Here are the slides.
Belatedly, OSCON was great. Meeting the Joyent crew and many of the people involved in OpenSolaris was a real pleasure. The unofficial highlight of the conference was the Sun sponsored OpenSolaris party. Held in the parking garage of the Doubletree Hotel, it was very, very well attended. (Thanks to Jeff Kubina for his excellent photographic record). Generally regarded as the best bash of the conference. Many thanks to Sara Dornsife for making it all happen. The party would have stopped hours earlier without her diligent oversight. The OpenSolaris Advocacy folks don’t often get enough recognition — Sara, you did great! (Well, except for that whole Hoffman table tennis thing).

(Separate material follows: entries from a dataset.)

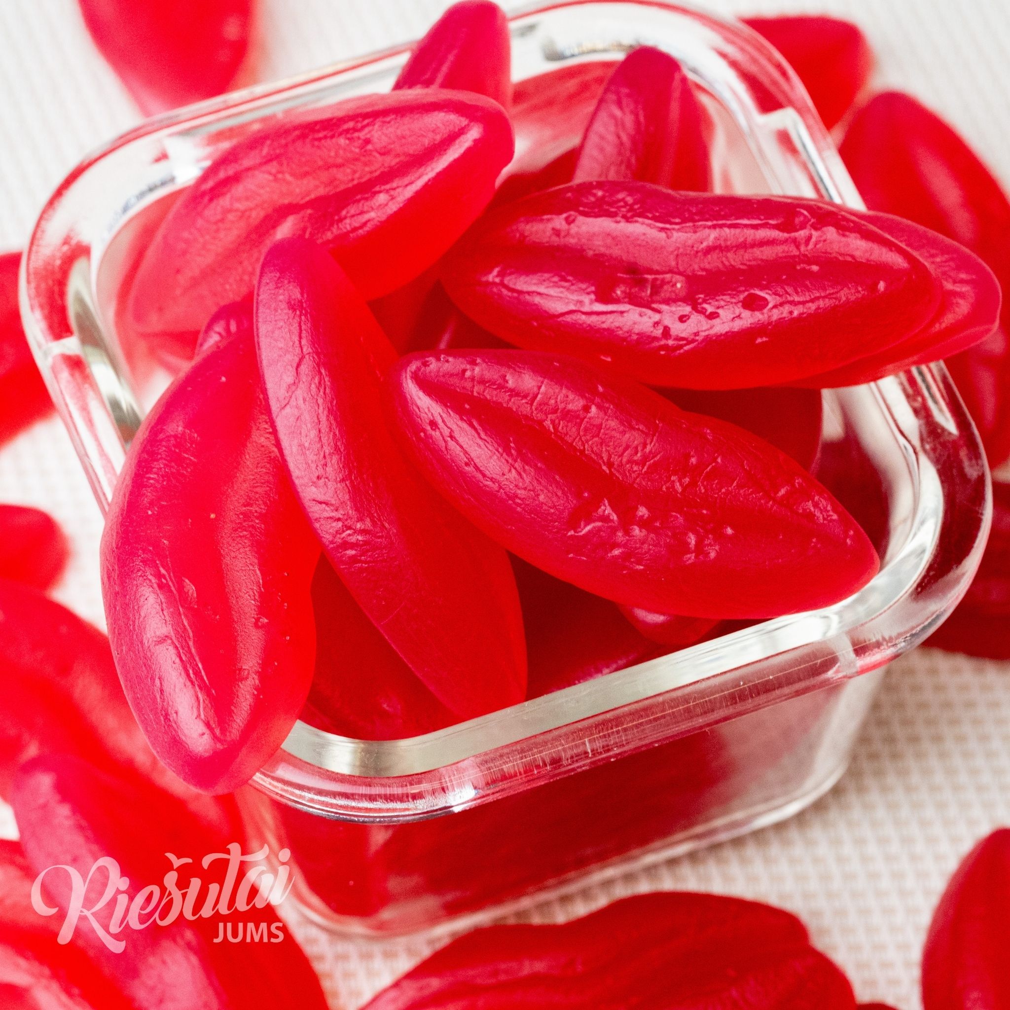 Tarsi saldus bučinys! Šie žaismingos išvaizdos vaisinio skonio guminukai yra tokie žavūs ir skanūs. Be to, juos galima panaudoti įvairių desertų dekoravimui. Ryškiai raudona spalva ir lūpų forma puikiai dera su gardžiu vaisiniu skoniu.
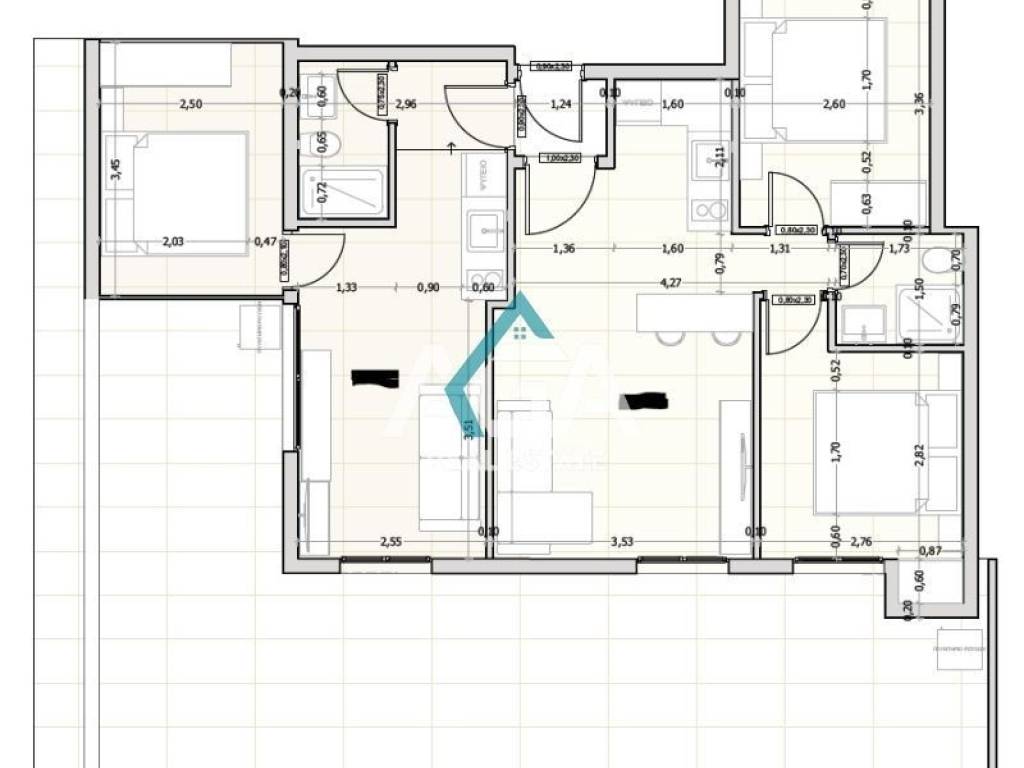 Το ακίνητο βρίσκεται στην αριστερή πλευρά της κάτοψης και διαθέτει τεράστιο μπαλκόνι με ειδική κατασκευή που το καλύπτει από πάνω, εξασφαλίζοντας προστασία και άνεση καθ’ όλη τη διάρκεια του χρόνου. Από τον εξωτερικό χώρο απολαμβάνει κανείς πανοραμική θέα στην πόλη, ενώ υπάρχει και χτιστό μπάρμπεκιου, ιδανικό για στιγμές χαλάρωσης και φιλοξενίας.
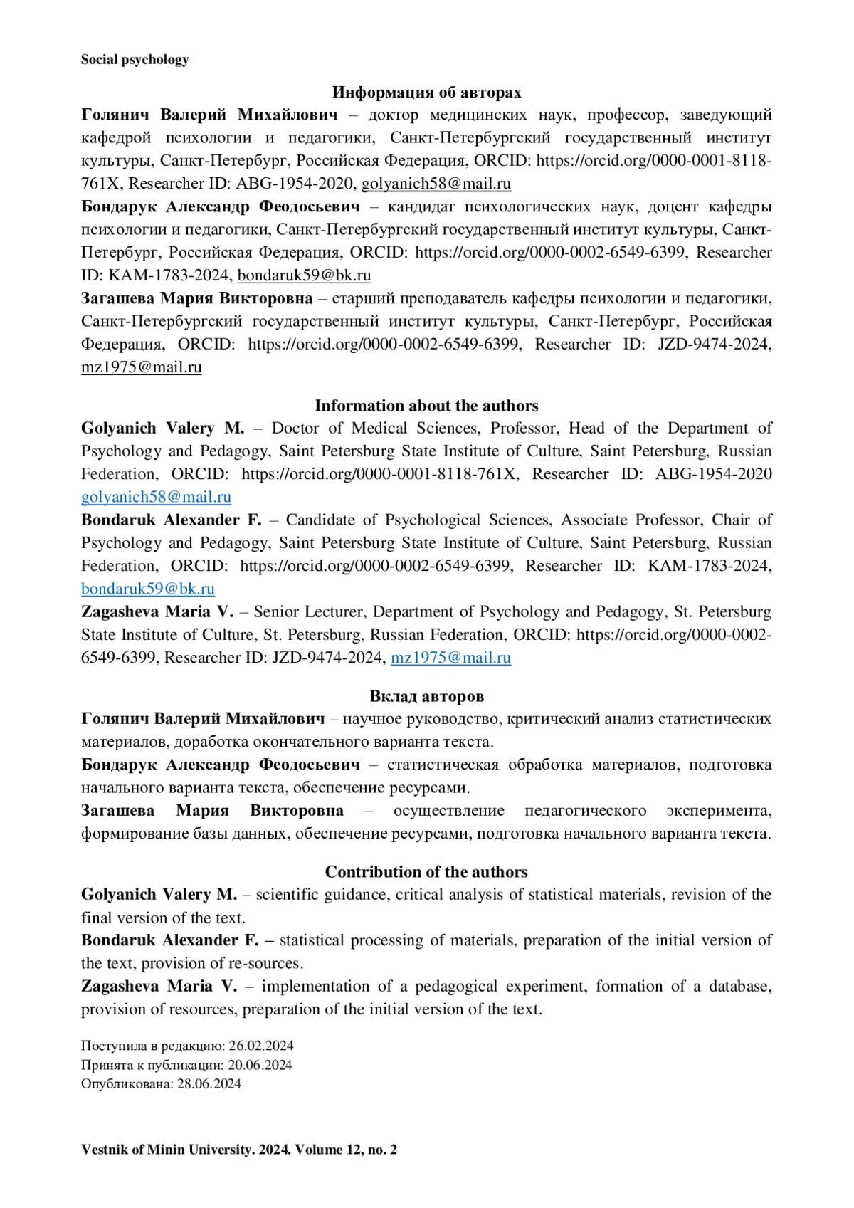 Журнал: ВЕСТНИК МИНИНСКОГО УНИВЕРСИТЕТА
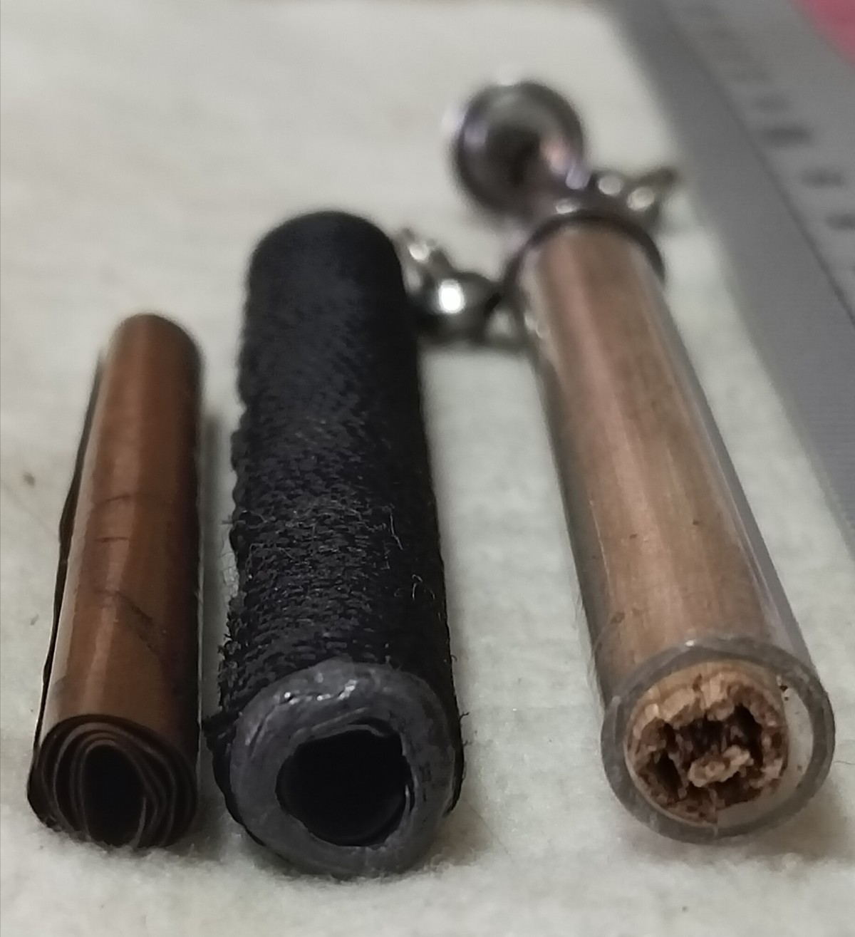 3)ตะกรุดทองแดง มีรอยจาร ขนาด 5 ซ.ม.

After my presentation I was taken to task by Val Henson, a former Sun employee that worked on ZFS. She thought that:
- I didn’t explain the ZIL well enough — I came across with it seeming like journaling
- My repeated condemnation of using mdb to set vq_max_pending was unwarranted
The ZFS Intent Log maintains a record of system calls that modify a ZFS filesystem plus enough information to recreate those modifications. Records in the ZIL are discarded in a number of circumstances:
- a DMU transaction group completes and is committed to stable storage
- a write flagged O_DSYNC completes
- an fsync() call is completed
- a ZFS filesystem is successfully unmounted
Basically, any completion-to-disk cycle whether by explicit synchronous request or through the normal persistence of writes to disk causes the ZIL to be flushed. When a system reboots, the ZIL is examined to see if there are any records in it. The presence of records in the ZIL is evidence that the system crashed before committing all of its outstanding writes to stable storage. The records are replayed, ensuring that the actual on-disk data is consistent with what it should be; the ZIL is flushed, and the filesystem is mounted. More details on how this actually happens can be found in the source code. It’s obvious that the ZIL is only going to contain, in all but the most pathological cases, a few seconds worth of transaction data.
vq_max_pending is a field in the vdev_vqueue structure in ZFS. It is also the reason I maintain that ZFS isn’t ideal for deployment on large storage arrays. vq_max_pending — which has a default value of 35 — is the maximum number of IOPs allowed to be queued up against a single leaf vdev. In the case of a leaf vdev being a single spindle, this is an excellent number. In the case of a leaf vdev being a LUN composed of, oh, 40 15K FC disks, this limit is more than a bit low.
It is possible to change the value. (Follow the link. Really. Imagine doing that on 50 servers that each have a few hundred root vdevs. Imagine doing it again every time you add a few LUNs to a server). The iterative testing required to determine an appropriate value isn’t something that I want to schedule time for whenever I make changes to a server’s storage layout. I also don’t want to have to worry about hand-tuning for optimal performance in every use case. It’s one thing when I’m trying to squeeze out every last bps for one critical database. It’s another thing when I need to worry about individually hand-tuned parameters for every server.
Using mdb this way is conceptually similar to poking values into the Linux /proc filesystem. Except for the interface. Using /proc requires the use of echo. While the appropriate mdb twiddling can be scripted to run on boot, it really isn’t quite as simple as the /proc filesystem.
Hopefully this clears up everything that I didn’t explain well enough at OSCON. My slides are here for the taking, though they lack an enormous amount of context.